2017年11月の本

今月の本です。
津和野はほんとうに寒いです。
今月は最安免許合宿で監獄のような環境にいたり、出張、出張あんど論文執筆でしたが、なんとか気合いで読みました。
とは言いつつ、この言い訳、最近多いのでやめたいなあ。。

「今月の本」のルール

  1. 毎月読んだ本をリストにしてブログを更新。
  2. 読んだと言っても、必ずしも全頁を読みきったことは意味しないし、再読したものもある。
  3. とはいえ、必ず入手し、本文に少しでも目を通すことが条件。
  4. コメントを書くかどうかは時間と体力次第。
  • 『1回でうかる! 普通免許ポイント攻略問題集』

1回でうかる! 普通免許ポイント攻略問題集 (NAGAOKA運転免許シリーズ)

1回でうかる! 普通免許ポイント攻略問題集 (NAGAOKA運転免許シリーズ)

免許合宿用に。まあ買わなくても良かったが、類書のなかでは最もよくまとまっていた。

中原中也――沈黙の音楽 (岩波新書)

中原中也――沈黙の音楽 (岩波新書)

全詩集(中原中也全詩集 (角川ソフィア文庫))とともに読んだ。
私はこれまで非常に狭い関心のなかで読書をしてきたため、遅ればせながら津和野に来てはじめて味読できた天才たちが幾人か存在する。
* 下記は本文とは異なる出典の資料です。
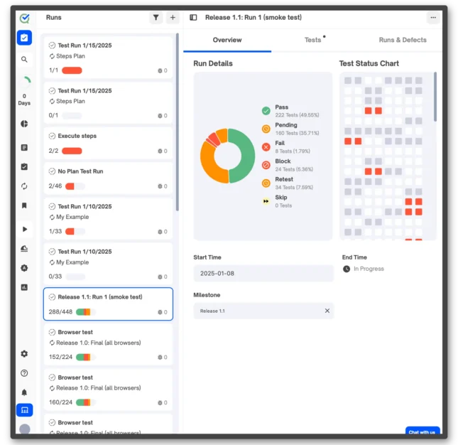 Quick overview dashboards give you and your teams "at a glance" statuses on key metrics and progress of your testing projects.
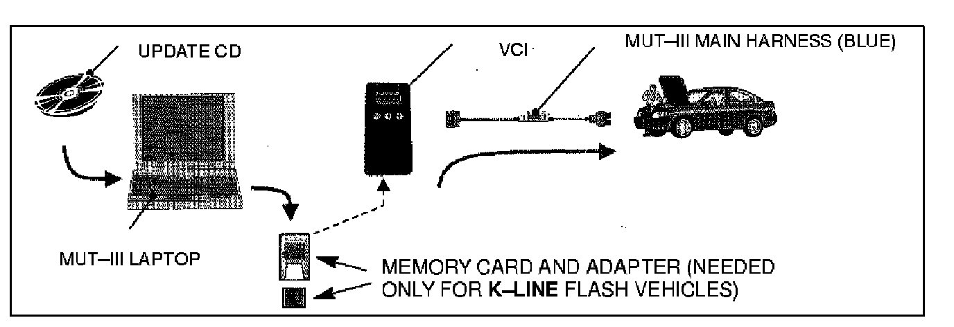 7.Install Reflash Update CD 10/05 in the MUT-III laptop. Follow the CD installation instructions.
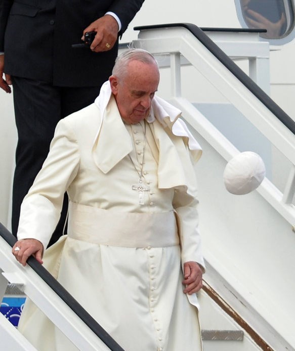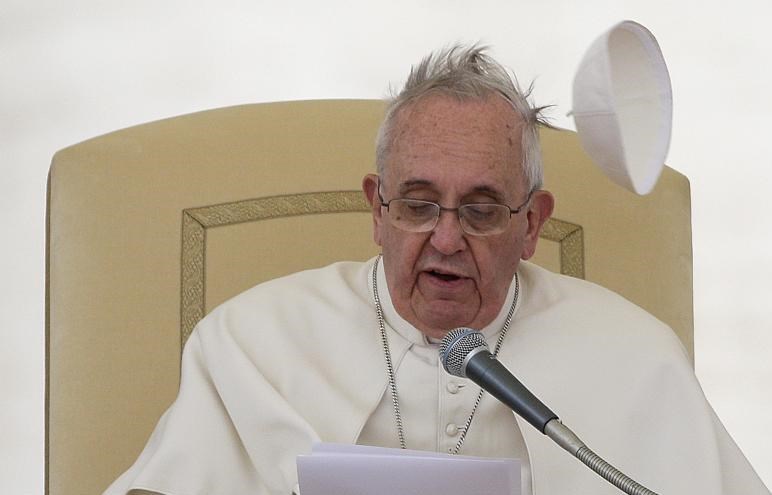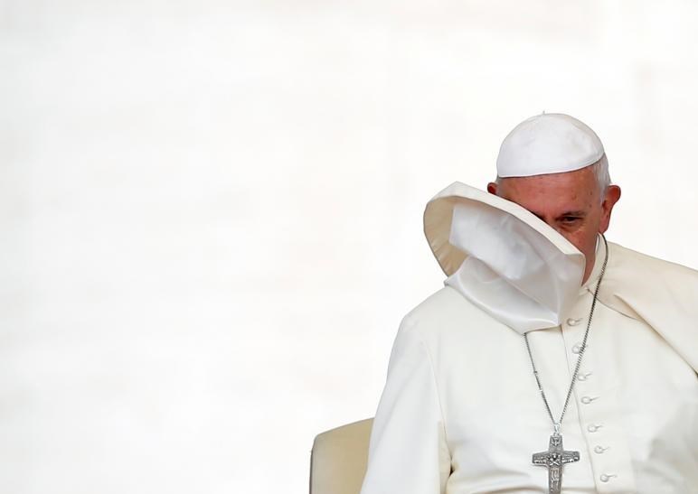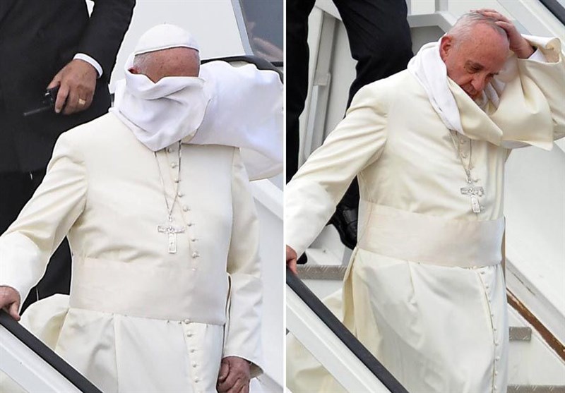 بر اساس گزارش رویترز، پاپ فرانسیس رهبر کاتولیکهای جهان روز چهارشنبه در میدان «سنت پیتر»(Saint Peter) و طی ملاقات عمومی خود در واتیکان در حالی سوژه عکاسان خبری شد که باد شدید میوزید.
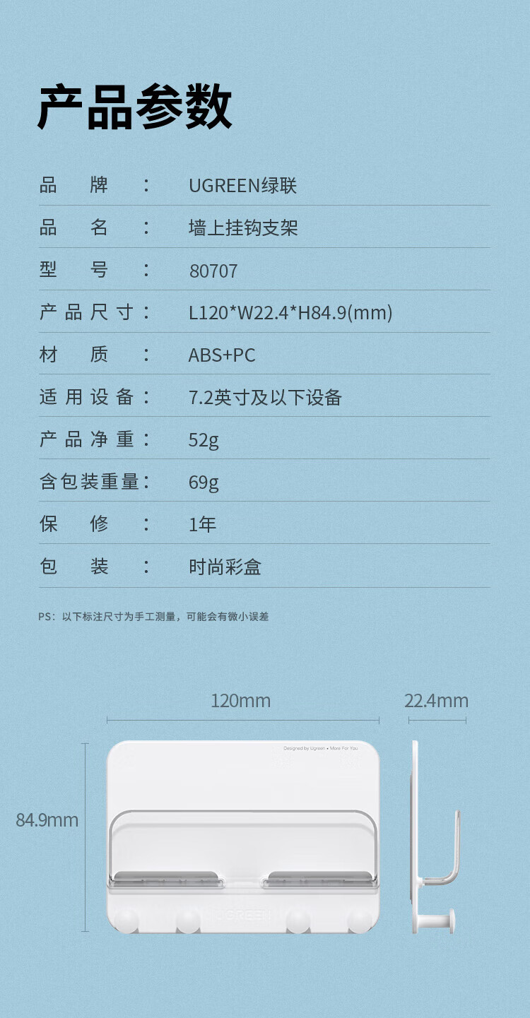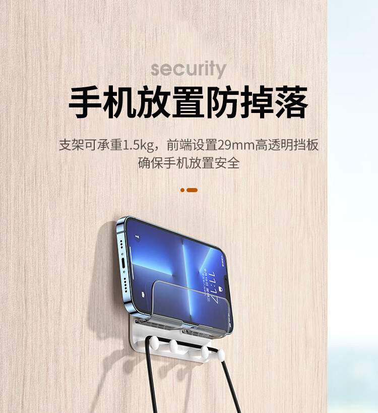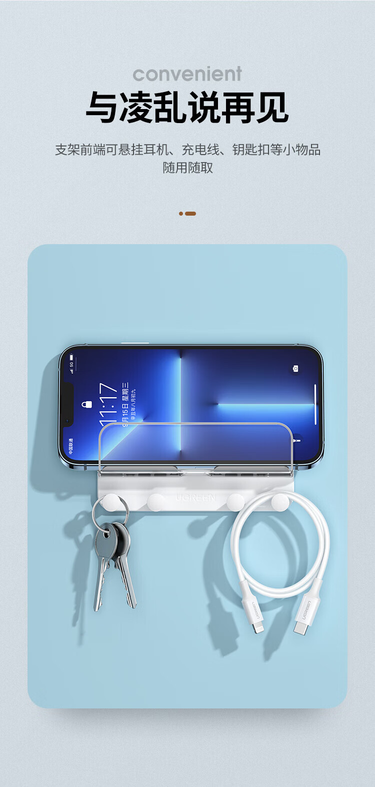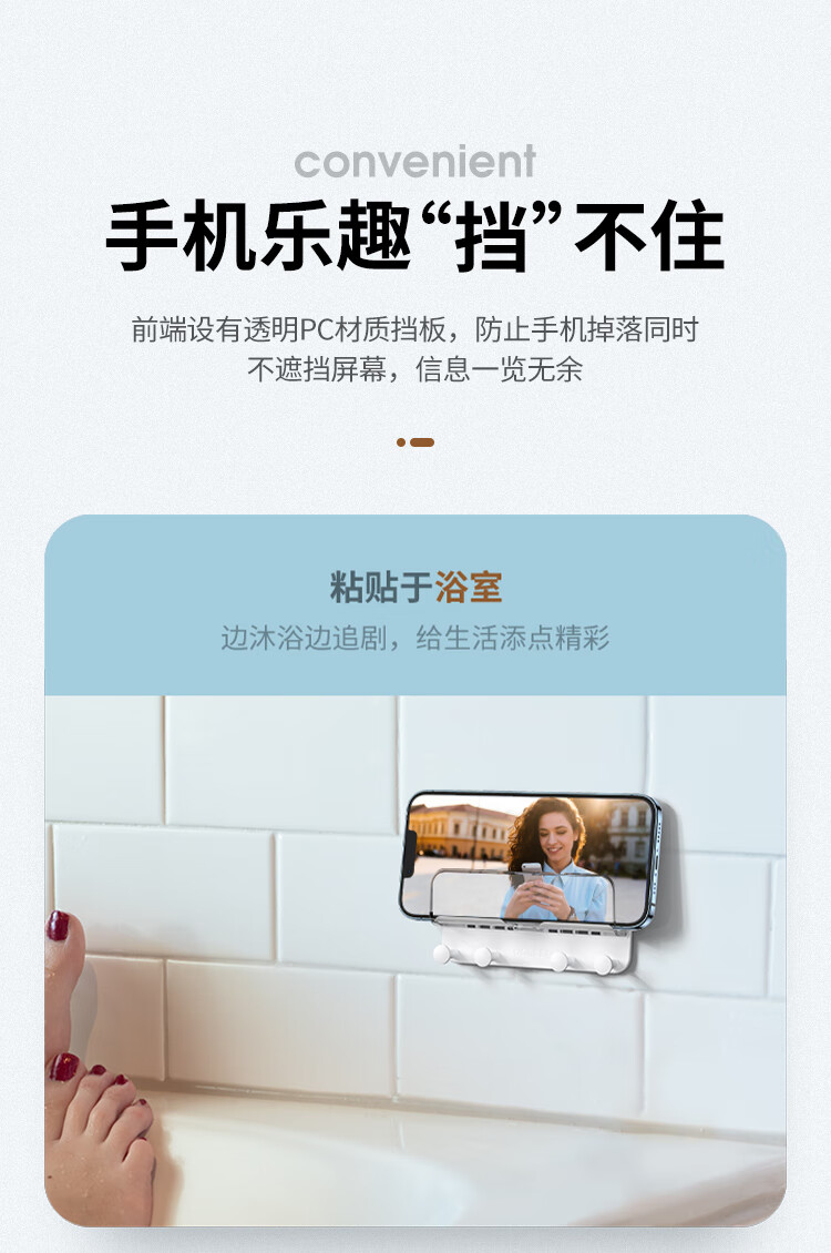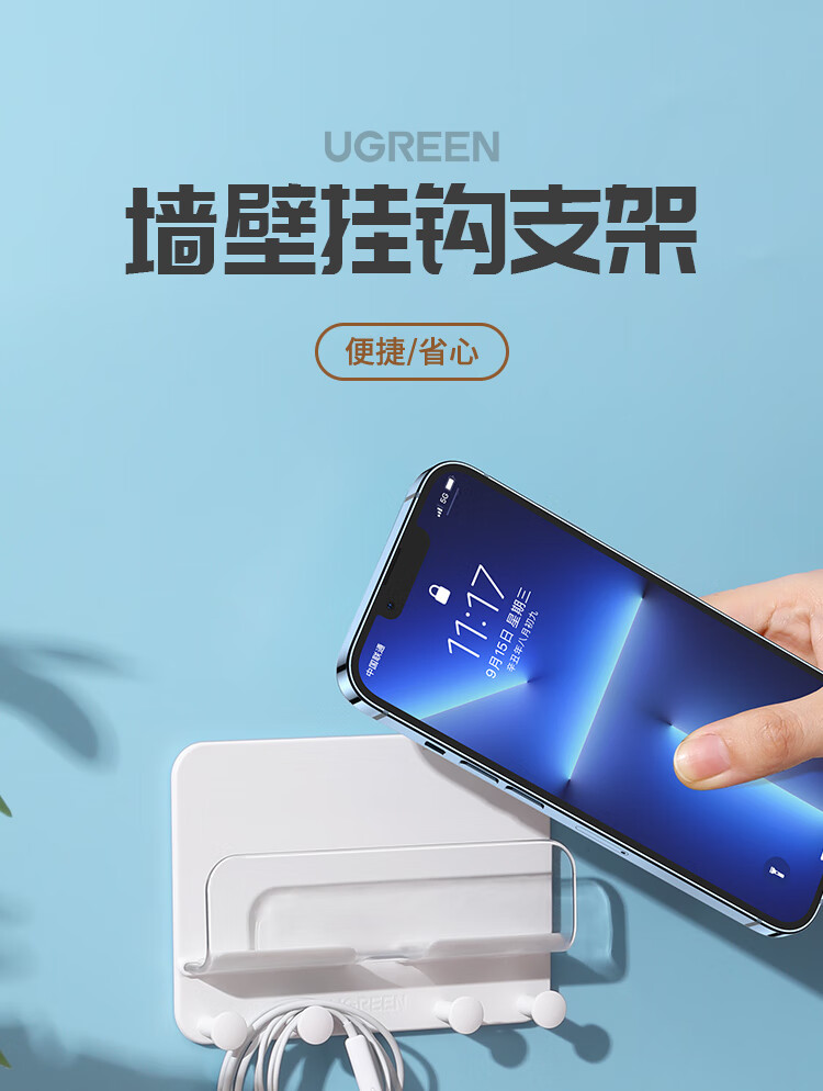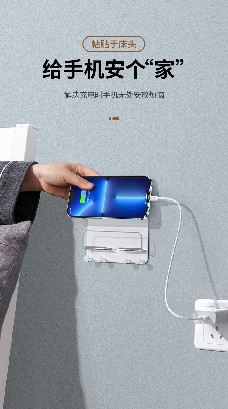 Green Union wall-mounted mobile phone holder multi-functional shelf bedroom bedside bathroom kitchen mobile phone holder wall punch-free adhesive support bracket suitable for Apple 17 Huawei Xiaomi

西周ももちろんその一人であり、その他に中原中也宮沢賢治石牟礼道子がそれである。
本書は、そんな中也の新全集の編者であり詩人の佐々木幹郎氏によるもので、新資料も駆使しながら改めて中也に迫る書であった。

  • 神崎 繁『内乱の政治哲学:忘却と制圧』

内乱の政治哲学 忘却と制圧

内乱の政治哲学 忘却と制圧

鳥取駅近くにある定有堂という本屋さんで購入。
大きな本屋ではないけれど、文学や思想関連の選書にこだわりを感じられるいい場所でした。
haveagood.holiday
残念なことに最後のお仕事になってしまったこちらの書籍だが、最後に付された熊野先生の小論に涙を禁じ得ない。
こういう文章を書いてもらえる人が、そして書ける人がどれほどいるだろうか。

  • 穂村 弘『短歌の友人』

短歌の友人 (河出文庫)

短歌の友人 (河出文庫)

免許合宿の合間に手持ち無沙汰になったので、近所のブックオフで購入。
いわば歌論だが、穂村さんが選んだ短歌をともに吟味するなかで、短い言葉のもつ奥行きを感じられた。

哲学のプラグマティズム的転回

哲学のプラグマティズム的転回

前世紀来のアメリカにおける哲学状況の見通しを良くさせてくれた。訳文の明晰さも素晴らしいと思った。
再度腰を据えて『実在論を立て直す (叢書・ウニベルシタス)』を読み直して色々と咀嚼したいと思う。

以前小島先生の『朱子学と陽明学 (ちくま学芸文庫)』を拝読しており、今回はまさに関心ど真ん中の一冊だったので購入。
朱子学陽明学がいかに日本において土着し、影響を陰に陽に及ぼしていたかが分かり、東アジアというより大きな視点で日本近代を考えるための土台を与えてくれると思う。多くの人に手にとって欲しい。

  • 原 武史『日本政治思想史』

日本政治思想史 (放送大学教材)

日本政治思想史 (放送大学教材)

『日本政治思想史』というタイトルの書籍は、丸山以来多くの名著があるものの、難解なものが多い。
原先生の今回の一冊は、これまでの日本政治思想史研究を踏まえながら、著者独自の視点――政治と空間、鉄道、天皇制など――で当該分野を新たに描き出した好著。
放送大学の教材であることもあって、著者の言うとおり、高校卒業程度の日本史の知識を有していればついていけるだろう。はじめの一冊としておすすめしたい。

  • 山本 貴光『文学問題(F+f)+』

文学問題(F+f)+

文学問題(F+f)+

事前に予約しており、特典附録である「メイキング・オブ・『文学問題(F+f)+』」もいただきました。
さらに、偶然寄った青山ブックセンター六本木店にてフリーペーパーもゲット。
漱石文学論 (定本 漱石全集 第14巻)』というハチャメチャな論考に丁寧に、ときに大胆に読む待望の書。
まだ序盤ですが、読むのが惜しい気さえしてきます。